The vicar’s correspondence was confined and rare, despite his distant children, for letters but a few years ago were costly luxuries to persons of narrow income, and therefore the juvenile letter-carrier who plied between the post-town and the village failed to excite in his breast that indignation for being an hour or more behind his time which would have animated one to whom the post brings the usual event of the day. He took the letter from the boy’s hand, and paid for it with a thrifty sigh as he glanced at a handwriting unfamiliar to him,—perhaps from some clergyman poorer than himself. However, that was not the place to read letters, so he put the epistle into his pocket, until Helen, who watched his countenance to see when he grew tired of the scene, kindly proposed to return home. As they gained a stile half-way, Mr. Fielden remembered his letter, took it forth, and put on his spectacles. Helen stooped over the bank to gather violets; the vicar seated himself on the stile. As he again looked at the address, the handwriting, before unfamiliar, seemed to grow indistinctly on his recollection. That bold, firm hand—thin and fine as woman’s, but large and regular as man’s—was too peculiar to be forgotten. He uttered a brief exclamation of surprise and recognition, and hastily broke the seal. The contents ran thus:—
DEAR SIR,—So many years have passed since any communication has taken place between us that the name of Lucretia Dalibard will seem more strange to you than that of Lucretia Clavering. I have recently returned to England after long residence abroad. I perceive by my deceased sister’s will that she has confided her only daughter to my guardianship, conjointly with yourself. I am anxious to participate in that tender charge. I am alone in the world,—an habitual sufferer; afflicted with a partial paralysis that deprives me of the use of my limbs. In such circumstances, it is the more natural that I should turn to the only relative left me. My journey to England has so exhausted my strength, and all movement is so painful, that I must request you to excuse me for not coming in person for my niece. Your benevolence, however, will, I am sure, prompt you to afford me the comfort of her society, and as soon as you can, contrive some suitable arrangement for her journey. Begging you to express to Helen, in my name, the assurance of such a welcome as is due from me to my sister’s child, and waiting with great anxiety your reply, I am, dear Sir, Your very faithful servant, LUCRETIA DALIBARD.
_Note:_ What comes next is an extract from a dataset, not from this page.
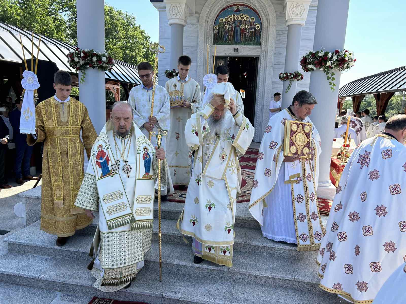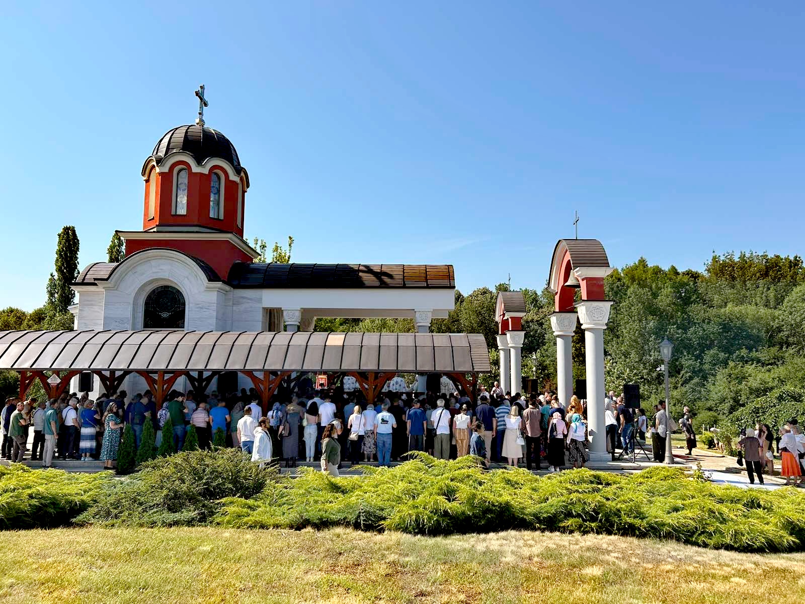 Episkop šumadijski Jovan uz sasluženje umirovljenog episkopa Zvorničko-tuzlanskog i nekadašnjeg Administratora Eparhije šumadijske Vasilija Kačavende, osveštao je danas hram posvećen Svetim novomučenicima kragujevačkim u Spomen parku u Šumaricama.

P. S. I can scarcely venture to ask you to bring Helen yourself to town, but I should be glad if other inducements to take the journey afforded me the pleasure of seeing you once again. I am anxious, in addition to such details of my late sister as you may be enabled to give me, to learn something of the history of her connection with Mr. Ardworth, in whom I felt much interested years ago, and who, I am recently informed, left an infant, his supposed son, under your care. So long absent from England, how much have I to learn, and how little the mere gravestones tell us of the dead!
While the vicar is absorbed in this letter, equally unwelcome and unexpected; while, unconscious as the daughter of Ceres, gathering flowers when the Hell King drew near, of the change that awaited her and the grim presence that approached on her fate, Helen bends still over the bank odorous with shrinking violets,—we turn where the new generation equally invites our gaze, and make our first acquaintance with two persons connected with the progress of our tale.
The britzska stopped. The servant, who had been gradually accumulating present dust and future rheumatisms on the “bad eminence” of a rumble-tumble, exposed to the nipping airs of an English sky, leaped to the ground and opened the carriage-door.
“This is the best place for the view, sir,—a little to the right.”